• INSTRUCTIONS FOR THE TASK:
Your answer must be only the lines below from the one containing "MyVisionは、コンサル" through the one containing "Not on slides", copied exactly, with the pictures left out.

• SUPPLIED INFORMATION:
%%

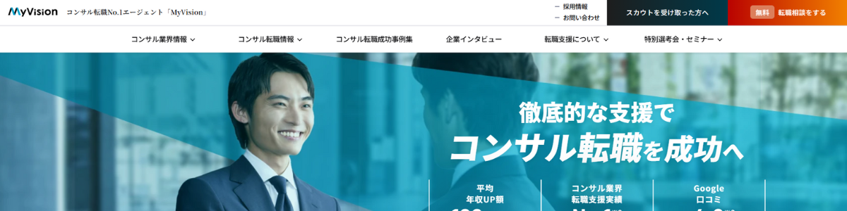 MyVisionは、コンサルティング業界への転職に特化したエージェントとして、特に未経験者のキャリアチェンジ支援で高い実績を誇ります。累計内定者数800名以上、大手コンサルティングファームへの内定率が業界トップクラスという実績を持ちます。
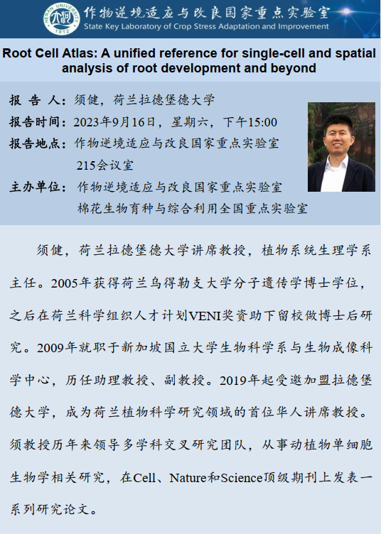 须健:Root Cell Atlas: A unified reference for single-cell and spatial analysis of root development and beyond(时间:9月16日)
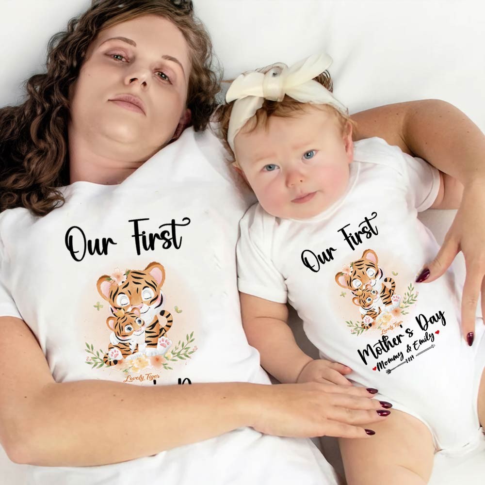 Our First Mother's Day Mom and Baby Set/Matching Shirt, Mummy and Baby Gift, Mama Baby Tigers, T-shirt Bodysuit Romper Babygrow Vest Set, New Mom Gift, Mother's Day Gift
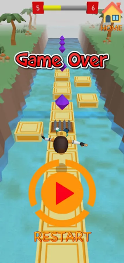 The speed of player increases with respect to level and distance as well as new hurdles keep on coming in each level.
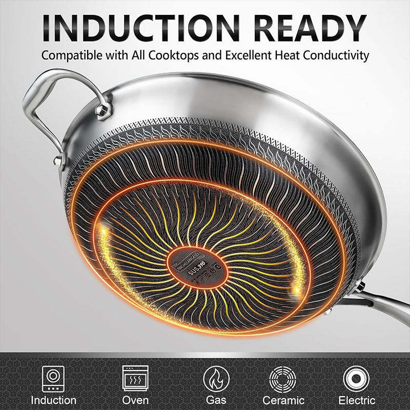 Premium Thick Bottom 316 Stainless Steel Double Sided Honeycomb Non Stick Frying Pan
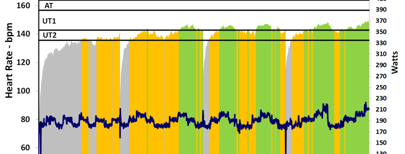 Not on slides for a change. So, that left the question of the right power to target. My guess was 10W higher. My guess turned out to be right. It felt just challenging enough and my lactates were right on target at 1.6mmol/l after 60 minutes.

%%
%%

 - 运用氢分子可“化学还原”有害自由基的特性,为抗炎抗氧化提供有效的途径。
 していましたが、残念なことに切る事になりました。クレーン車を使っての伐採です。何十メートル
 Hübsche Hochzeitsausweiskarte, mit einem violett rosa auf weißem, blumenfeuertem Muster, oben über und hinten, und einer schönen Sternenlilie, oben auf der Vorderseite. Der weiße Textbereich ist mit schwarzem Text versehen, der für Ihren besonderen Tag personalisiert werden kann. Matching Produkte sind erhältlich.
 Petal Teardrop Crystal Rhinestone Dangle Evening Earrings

%%

• THE COMPLETED TASK:
 MyVisionは、コンサルティング業界への転職に特化したエージェントとして、特に未経験者のキャリアチェンジ支援で高い実績を誇ります。累計内定者数800名以上、大手コンサルティングファームへの内定率が業界トップクラスという実績を持ちます。
 须健:Root Cell Atlas: A unified reference for single-cell and spatial analysis of root development and beyond(时间:9月16日)
 Our First Mother's Day Mom and Baby Set/Matching Shirt, Mummy and Baby Gift, Mama Baby Tigers, T-shirt Bodysuit Romper Babygrow Vest Set, New Mom Gift, Mother's Day Gift
 The speed of player increases with respect to level and distance as well as new hurdles keep on coming in each level.
 Premium Thick Bottom 316 Stainless Steel Double Sided Honeycomb Non Stick Frying Pan
 Not on slides for a change. So, that left the question of the right power to target. My guess was 10W higher. My guess turned out to be right. It felt just challenging enough and my lactates were right on target at 1.6mmol/l after 60 minutes.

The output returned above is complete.